As many as 16% of adults in the U.S. have genital herpes, which is caused by infection with herpes simplex virus 2 (HSV-2). In other parts of the world the prevalence is much higher, with rates as high as 80% in parts of sub-Saharan Africa. Besides causing painful genital lesions, HSV-2 infection substantially increases the risk of transmitting or acquiring HIV. In populations with high HSV-2 prevalence, 4060% of new HIV infections may be attributable to HSV-2. Transmission of HSV-2 is known to occur during periodic flare-ups of genital lesions accompanied by viral shedding. However, asymptomatic episodes of high viral shedding also occur and likely account for a majority of transmission events. Joshua Schiffer, Bryan Mayer, Youyi Fong, David Swan and Anna Wald (Vaccine and Infectious Disease Division) set out to pinpoint the threshold amount of HSV-2 copies during viral shedding episodes below which HSV-2 transmission is unlikely to occur. To do this, they generated a mathematical model that simulates the viral dynamics in HSV-2-positive individuals and provides data on the risk of transmission. The study was recently published in the Journal of the Royal Society Interface.

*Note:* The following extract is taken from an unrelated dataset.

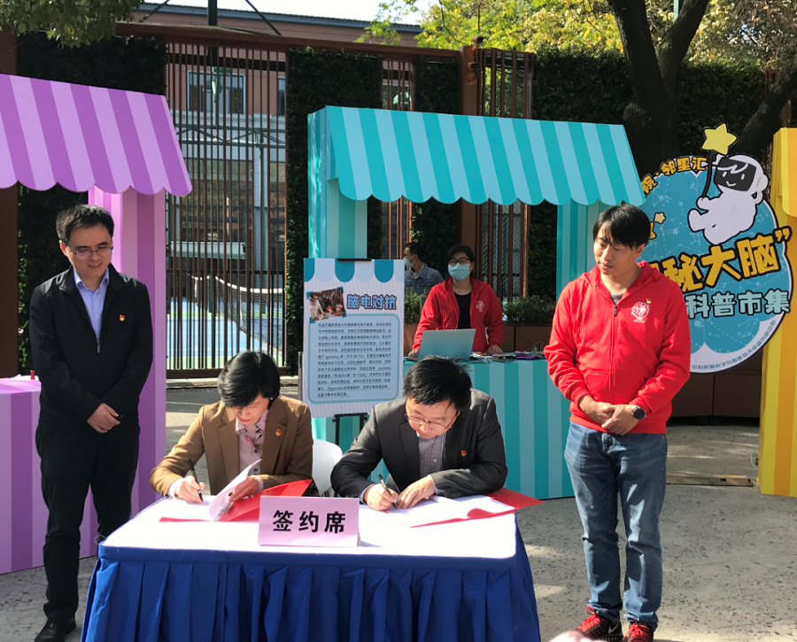 66梧桐院-鄰里匯“探秘大腦”科普市集啟動儀式上,腦智卓越中心黨委副書記兼紀委書記王茂華與天平街道黨工委書記高路簽署了《徐匯區(qū)區(qū)域黨建促進會天平分會結(jié)對共建協(xié)議書》,街道給中心贈送了“天平街道新時代文明實踐點”銘牌。兩家單位將從黨建共建、群團共建、人才共建、文明共建、科普共建等五大板塊深挖合作,充分利用自身資源優(yōu)勢,緊密結(jié)合社區(qū)建設的實際,做到精神文明建設上相互促進,物質(zhì)文明建設上相互幫助,助力社區(qū)科普教育常態(tài)化。
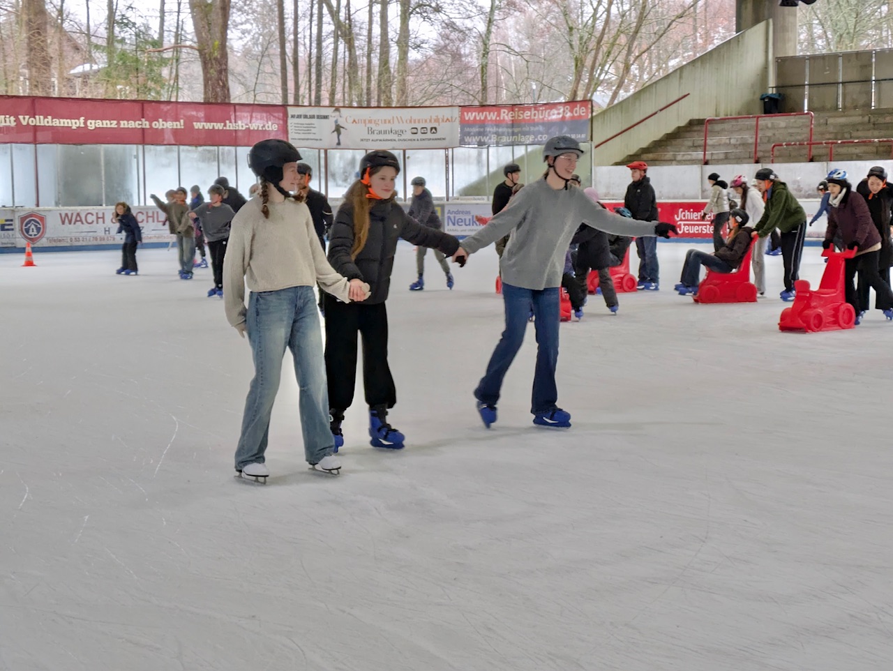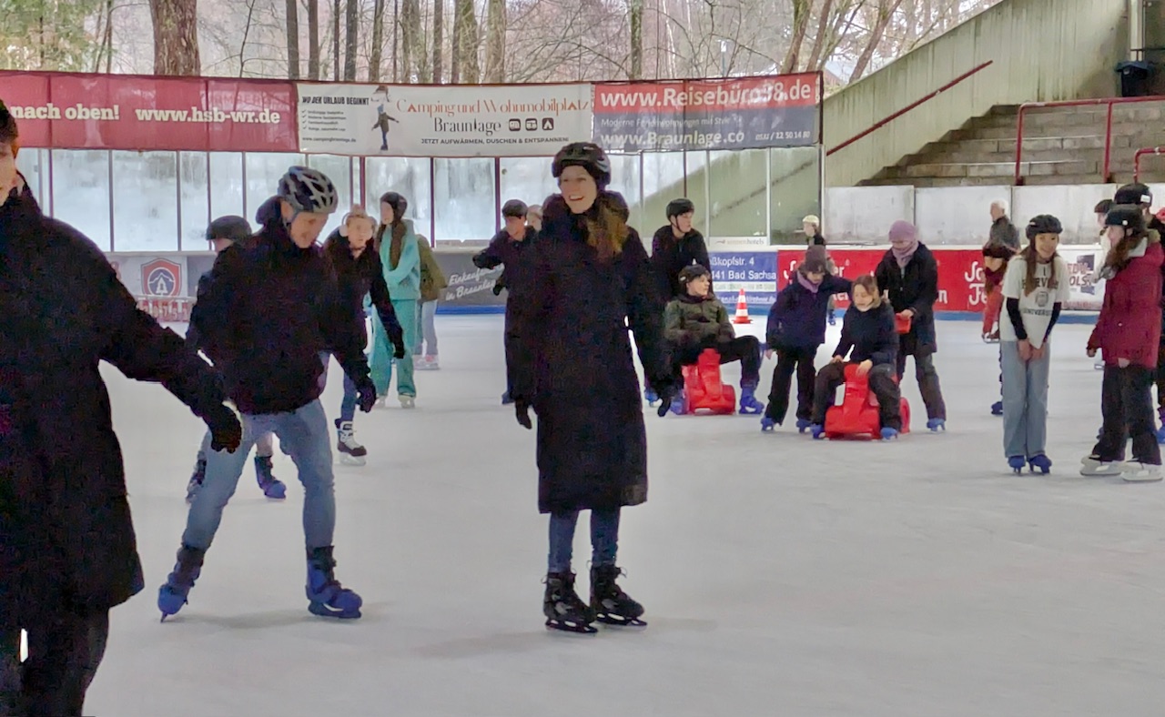 Nachdem das Wetter dem üblichen Programm zum Wintersporttag für die Jg. 8 und 10 einen Strich durch die Rechnung gemacht hatte, fuhren alle Schülerinnen und Schüler gemeinsam nach Braunlage zum Eislaufen. Anfänger wie Fortgeschrittene stellten sich den Herausforderungen und der damit verbundenen Anstrengung, sodass zwei Stunden Spaß auf dem Eis nichts im Wege stand.

Performing analysis on HSV-2 transmission is difficult due to the fact that episodes of viral shedding vary widely in intensity and duration. Furthermore, measuring viral load at time of transmission is not feasible, since viral loads can change substantially over several hours. Therefore, Schiffer and colleagues utilized known characteristics of the biology of HSV-2 to generate a mathematical model in order to simulate viral shedding patterns and estimate risk of transmission.
In order to create the model simulations, a previous retrospective study of discordant couples was utilized to provide data on the median number of sex acts prior to transmission of HSV-2. On average, 40 sex acts were required before transmission occurred. This allowed for the calculation of a viral infectivity parameter, which directly correlated to the rate of transmission. When entered into the model simulations, viral infectivity predicted both the probability of transmission and the viral load in the genital tract when transmission events happened. The outcome from the model simulations was that an intervention that maintains viral load below 10,000 copies would prevent most if not all transmission events.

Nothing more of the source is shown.